** Data section follows **

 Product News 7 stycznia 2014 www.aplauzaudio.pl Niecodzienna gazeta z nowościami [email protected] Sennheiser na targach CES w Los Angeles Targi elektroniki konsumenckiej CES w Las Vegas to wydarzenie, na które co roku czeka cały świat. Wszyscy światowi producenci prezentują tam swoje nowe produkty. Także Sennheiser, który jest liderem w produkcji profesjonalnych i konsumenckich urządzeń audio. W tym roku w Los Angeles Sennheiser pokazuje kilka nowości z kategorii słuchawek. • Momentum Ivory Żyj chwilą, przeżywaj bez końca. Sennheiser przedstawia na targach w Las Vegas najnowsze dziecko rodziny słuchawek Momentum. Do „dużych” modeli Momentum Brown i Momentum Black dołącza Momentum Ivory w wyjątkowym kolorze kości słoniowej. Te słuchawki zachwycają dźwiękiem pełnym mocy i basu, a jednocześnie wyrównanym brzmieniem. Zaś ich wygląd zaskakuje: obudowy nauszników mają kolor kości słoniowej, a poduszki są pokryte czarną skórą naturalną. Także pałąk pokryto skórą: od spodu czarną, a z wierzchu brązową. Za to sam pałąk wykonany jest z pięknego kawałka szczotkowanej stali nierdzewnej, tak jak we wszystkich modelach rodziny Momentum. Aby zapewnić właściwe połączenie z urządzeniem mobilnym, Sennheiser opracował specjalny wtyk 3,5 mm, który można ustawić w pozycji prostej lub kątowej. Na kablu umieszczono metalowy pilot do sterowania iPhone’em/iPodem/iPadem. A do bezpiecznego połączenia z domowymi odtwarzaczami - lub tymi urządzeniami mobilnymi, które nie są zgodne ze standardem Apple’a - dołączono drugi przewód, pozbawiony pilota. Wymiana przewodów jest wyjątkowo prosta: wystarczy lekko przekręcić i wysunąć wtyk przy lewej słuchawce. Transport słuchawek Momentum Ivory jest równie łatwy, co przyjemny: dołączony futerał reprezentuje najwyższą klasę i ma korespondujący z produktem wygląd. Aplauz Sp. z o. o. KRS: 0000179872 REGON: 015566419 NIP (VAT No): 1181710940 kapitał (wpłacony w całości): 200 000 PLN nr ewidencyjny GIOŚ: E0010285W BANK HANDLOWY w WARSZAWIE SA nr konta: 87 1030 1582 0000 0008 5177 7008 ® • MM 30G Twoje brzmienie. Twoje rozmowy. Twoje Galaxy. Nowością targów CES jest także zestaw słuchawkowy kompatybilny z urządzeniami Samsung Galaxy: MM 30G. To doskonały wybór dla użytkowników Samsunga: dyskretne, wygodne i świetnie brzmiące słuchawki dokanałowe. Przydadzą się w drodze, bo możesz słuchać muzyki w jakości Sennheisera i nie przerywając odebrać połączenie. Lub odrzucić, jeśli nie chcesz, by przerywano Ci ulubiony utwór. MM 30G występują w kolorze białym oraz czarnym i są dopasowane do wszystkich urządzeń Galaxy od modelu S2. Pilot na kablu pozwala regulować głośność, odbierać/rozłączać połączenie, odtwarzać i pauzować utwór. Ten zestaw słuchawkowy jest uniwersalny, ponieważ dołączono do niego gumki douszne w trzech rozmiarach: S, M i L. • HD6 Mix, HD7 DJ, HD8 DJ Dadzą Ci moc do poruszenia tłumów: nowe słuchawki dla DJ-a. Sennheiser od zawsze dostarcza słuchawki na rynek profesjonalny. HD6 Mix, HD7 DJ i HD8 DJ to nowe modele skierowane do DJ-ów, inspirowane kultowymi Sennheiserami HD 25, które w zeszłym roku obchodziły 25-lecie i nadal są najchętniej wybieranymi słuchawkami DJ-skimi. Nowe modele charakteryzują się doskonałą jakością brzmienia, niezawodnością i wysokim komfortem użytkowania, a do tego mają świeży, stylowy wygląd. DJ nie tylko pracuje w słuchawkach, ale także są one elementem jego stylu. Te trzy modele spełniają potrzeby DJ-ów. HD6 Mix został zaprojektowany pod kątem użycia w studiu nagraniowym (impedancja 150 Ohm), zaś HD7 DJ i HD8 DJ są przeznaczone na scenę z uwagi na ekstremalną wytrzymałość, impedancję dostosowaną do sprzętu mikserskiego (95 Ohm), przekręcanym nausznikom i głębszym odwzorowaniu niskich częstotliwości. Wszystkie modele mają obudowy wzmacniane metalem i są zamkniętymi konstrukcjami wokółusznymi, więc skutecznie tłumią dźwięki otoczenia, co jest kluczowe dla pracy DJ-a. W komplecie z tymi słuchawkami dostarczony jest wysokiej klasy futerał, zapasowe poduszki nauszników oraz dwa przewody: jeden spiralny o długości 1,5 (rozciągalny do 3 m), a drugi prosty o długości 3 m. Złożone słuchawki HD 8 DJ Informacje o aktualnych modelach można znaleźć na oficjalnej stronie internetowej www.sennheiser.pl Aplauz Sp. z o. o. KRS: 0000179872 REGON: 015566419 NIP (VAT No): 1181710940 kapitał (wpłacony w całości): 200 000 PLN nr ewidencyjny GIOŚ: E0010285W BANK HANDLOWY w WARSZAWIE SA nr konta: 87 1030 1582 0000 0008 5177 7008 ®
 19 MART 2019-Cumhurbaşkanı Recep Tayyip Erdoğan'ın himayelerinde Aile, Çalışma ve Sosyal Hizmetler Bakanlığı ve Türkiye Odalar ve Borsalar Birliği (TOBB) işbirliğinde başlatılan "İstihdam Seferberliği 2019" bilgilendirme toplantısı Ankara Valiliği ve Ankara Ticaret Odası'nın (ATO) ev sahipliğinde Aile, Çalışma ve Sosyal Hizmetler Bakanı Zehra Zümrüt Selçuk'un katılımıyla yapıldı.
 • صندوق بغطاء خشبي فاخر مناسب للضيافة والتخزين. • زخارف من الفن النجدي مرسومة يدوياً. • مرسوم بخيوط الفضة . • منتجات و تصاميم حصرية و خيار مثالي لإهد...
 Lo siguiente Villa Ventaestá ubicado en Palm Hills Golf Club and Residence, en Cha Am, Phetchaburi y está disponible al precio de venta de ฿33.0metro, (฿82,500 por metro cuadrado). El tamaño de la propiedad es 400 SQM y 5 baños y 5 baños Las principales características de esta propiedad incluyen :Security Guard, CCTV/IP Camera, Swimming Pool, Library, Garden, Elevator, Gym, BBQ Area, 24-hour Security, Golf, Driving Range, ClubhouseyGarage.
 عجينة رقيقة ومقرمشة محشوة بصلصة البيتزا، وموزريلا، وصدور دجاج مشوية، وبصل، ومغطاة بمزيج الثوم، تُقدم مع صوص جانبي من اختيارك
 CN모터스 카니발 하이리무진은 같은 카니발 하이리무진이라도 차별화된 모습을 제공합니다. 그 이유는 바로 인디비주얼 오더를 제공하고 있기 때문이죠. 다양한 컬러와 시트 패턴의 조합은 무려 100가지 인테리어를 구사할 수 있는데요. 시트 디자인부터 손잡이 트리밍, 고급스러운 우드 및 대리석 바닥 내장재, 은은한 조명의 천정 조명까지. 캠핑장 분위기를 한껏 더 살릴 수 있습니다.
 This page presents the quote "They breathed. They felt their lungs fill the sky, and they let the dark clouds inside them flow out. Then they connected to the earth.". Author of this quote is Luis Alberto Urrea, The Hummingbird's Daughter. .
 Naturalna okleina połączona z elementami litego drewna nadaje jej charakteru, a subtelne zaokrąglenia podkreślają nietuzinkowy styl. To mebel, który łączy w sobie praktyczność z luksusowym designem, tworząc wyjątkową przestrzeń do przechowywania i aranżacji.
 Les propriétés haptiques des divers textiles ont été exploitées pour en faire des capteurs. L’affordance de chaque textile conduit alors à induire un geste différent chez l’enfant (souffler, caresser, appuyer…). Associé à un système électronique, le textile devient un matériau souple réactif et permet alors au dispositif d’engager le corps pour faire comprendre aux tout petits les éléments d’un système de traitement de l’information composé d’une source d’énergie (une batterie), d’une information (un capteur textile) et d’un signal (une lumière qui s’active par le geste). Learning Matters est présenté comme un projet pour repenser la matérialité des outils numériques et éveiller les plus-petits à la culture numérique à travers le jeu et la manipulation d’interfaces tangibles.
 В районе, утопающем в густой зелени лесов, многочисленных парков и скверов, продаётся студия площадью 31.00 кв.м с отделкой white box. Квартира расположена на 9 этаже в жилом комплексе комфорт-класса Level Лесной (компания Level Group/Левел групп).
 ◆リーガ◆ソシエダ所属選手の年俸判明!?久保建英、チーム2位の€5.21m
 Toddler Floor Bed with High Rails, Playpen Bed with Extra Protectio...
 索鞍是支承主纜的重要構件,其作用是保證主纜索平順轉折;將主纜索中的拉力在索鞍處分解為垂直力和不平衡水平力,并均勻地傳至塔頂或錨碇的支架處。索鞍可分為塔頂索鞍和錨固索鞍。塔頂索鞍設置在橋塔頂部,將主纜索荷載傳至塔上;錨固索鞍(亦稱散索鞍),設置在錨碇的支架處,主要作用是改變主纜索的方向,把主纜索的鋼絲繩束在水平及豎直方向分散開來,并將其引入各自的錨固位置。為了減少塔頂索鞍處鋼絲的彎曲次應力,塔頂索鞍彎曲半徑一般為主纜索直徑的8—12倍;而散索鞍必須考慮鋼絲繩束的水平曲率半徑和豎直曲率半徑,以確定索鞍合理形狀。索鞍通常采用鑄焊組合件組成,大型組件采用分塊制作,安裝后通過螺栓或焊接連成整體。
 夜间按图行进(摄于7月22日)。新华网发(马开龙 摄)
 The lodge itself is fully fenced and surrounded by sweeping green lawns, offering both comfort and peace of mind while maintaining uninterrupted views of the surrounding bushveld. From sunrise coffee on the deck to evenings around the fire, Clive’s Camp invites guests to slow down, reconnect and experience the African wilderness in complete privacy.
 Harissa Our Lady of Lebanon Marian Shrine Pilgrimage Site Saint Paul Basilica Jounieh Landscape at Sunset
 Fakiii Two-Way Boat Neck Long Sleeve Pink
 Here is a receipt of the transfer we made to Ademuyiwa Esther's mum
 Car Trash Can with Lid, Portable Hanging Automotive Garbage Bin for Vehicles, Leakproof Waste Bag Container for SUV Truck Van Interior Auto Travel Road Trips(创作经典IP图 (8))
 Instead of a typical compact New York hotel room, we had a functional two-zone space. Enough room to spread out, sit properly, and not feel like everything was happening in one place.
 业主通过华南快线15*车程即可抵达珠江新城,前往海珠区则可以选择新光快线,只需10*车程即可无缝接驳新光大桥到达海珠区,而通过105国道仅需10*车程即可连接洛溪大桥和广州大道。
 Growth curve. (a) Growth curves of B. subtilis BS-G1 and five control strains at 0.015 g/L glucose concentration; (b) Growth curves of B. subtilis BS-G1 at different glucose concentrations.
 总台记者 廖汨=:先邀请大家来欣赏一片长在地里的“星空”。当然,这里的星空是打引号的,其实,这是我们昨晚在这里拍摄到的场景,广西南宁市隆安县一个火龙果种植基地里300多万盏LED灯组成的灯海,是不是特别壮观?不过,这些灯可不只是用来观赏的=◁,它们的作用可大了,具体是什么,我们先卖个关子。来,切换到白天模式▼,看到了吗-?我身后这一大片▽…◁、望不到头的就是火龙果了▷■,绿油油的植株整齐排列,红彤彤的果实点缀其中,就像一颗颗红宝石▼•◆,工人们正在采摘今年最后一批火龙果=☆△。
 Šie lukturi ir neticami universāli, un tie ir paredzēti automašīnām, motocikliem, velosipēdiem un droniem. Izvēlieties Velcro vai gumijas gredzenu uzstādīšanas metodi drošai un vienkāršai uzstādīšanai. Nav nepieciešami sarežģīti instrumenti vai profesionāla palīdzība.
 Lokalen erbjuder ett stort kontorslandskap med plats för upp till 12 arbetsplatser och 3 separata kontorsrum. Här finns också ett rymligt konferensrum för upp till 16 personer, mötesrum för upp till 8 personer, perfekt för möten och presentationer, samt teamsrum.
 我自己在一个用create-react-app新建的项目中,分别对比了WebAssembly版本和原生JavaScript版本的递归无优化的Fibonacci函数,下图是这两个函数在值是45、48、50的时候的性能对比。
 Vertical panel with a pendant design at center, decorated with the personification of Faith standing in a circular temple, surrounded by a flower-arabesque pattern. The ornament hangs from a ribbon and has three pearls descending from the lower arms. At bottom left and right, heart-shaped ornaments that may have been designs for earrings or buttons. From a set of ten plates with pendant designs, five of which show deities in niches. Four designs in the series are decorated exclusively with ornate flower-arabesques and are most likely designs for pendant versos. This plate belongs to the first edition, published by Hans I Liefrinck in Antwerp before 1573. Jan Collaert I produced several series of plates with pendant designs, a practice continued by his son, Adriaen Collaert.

** End of Data section **

▶ [Problem requirements]: Your answer must be the lines above from the one containing "Lo siguiente Villa" to the one containing "Les propriétés haptiques", both included, restated word for word.

▶ [Written answer]:
 Lo siguiente Villa Ventaestá ubicado en Palm Hills Golf Club and Residence, en Cha Am, Phetchaburi y está disponible al precio de venta de ฿33.0metro, (฿82,500 por metro cuadrado). El tamaño de la propiedad es 400 SQM y 5 baños y 5 baños Las principales características de esta propiedad incluyen :Security Guard, CCTV/IP Camera, Swimming Pool, Library, Garden, Elevator, Gym, BBQ Area, 24-hour Security, Golf, Driving Range, ClubhouseyGarage.
 عجينة رقيقة ومقرمشة محشوة بصلصة البيتزا، وموزريلا، وصدور دجاج مشوية، وبصل، ومغطاة بمزيج الثوم، تُقدم مع صوص جانبي من اختيارك
 CN모터스 카니발 하이리무진은 같은 카니발 하이리무진이라도 차별화된 모습을 제공합니다. 그 이유는 바로 인디비주얼 오더를 제공하고 있기 때문이죠. 다양한 컬러와 시트 패턴의 조합은 무려 100가지 인테리어를 구사할 수 있는데요. 시트 디자인부터 손잡이 트리밍, 고급스러운 우드 및 대리석 바닥 내장재, 은은한 조명의 천정 조명까지. 캠핑장 분위기를 한껏 더 살릴 수 있습니다.
 This page presents the quote "They breathed. They felt their lungs fill the sky, and they let the dark clouds inside them flow out. Then they connected to the earth.". Author of this quote is Luis Alberto Urrea, The Hummingbird's Daughter. .
 Naturalna okleina połączona z elementami litego drewna nadaje jej charakteru, a subtelne zaokrąglenia podkreślają nietuzinkowy styl. To mebel, który łączy w sobie praktyczność z luksusowym designem, tworząc wyjątkową przestrzeń do przechowywania i aranżacji.
 Les propriétés haptiques des divers textiles ont été exploitées pour en faire des capteurs. L’affordance de chaque textile conduit alors à induire un geste différent chez l’enfant (souffler, caresser, appuyer…). Associé à un système électronique, le textile devient un matériau souple réactif et permet alors au dispositif d’engager le corps pour faire comprendre aux tout petits les éléments d’un système de traitement de l’information composé d’une source d’énergie (une batterie), d’une information (un capteur textile) et d’un signal (une lumière qui s’active par le geste). Learning Matters est présenté comme un projet pour repenser la matérialité des outils numériques et éveiller les plus-petits à la culture numérique à travers le jeu et la manipulation d’interfaces tangibles.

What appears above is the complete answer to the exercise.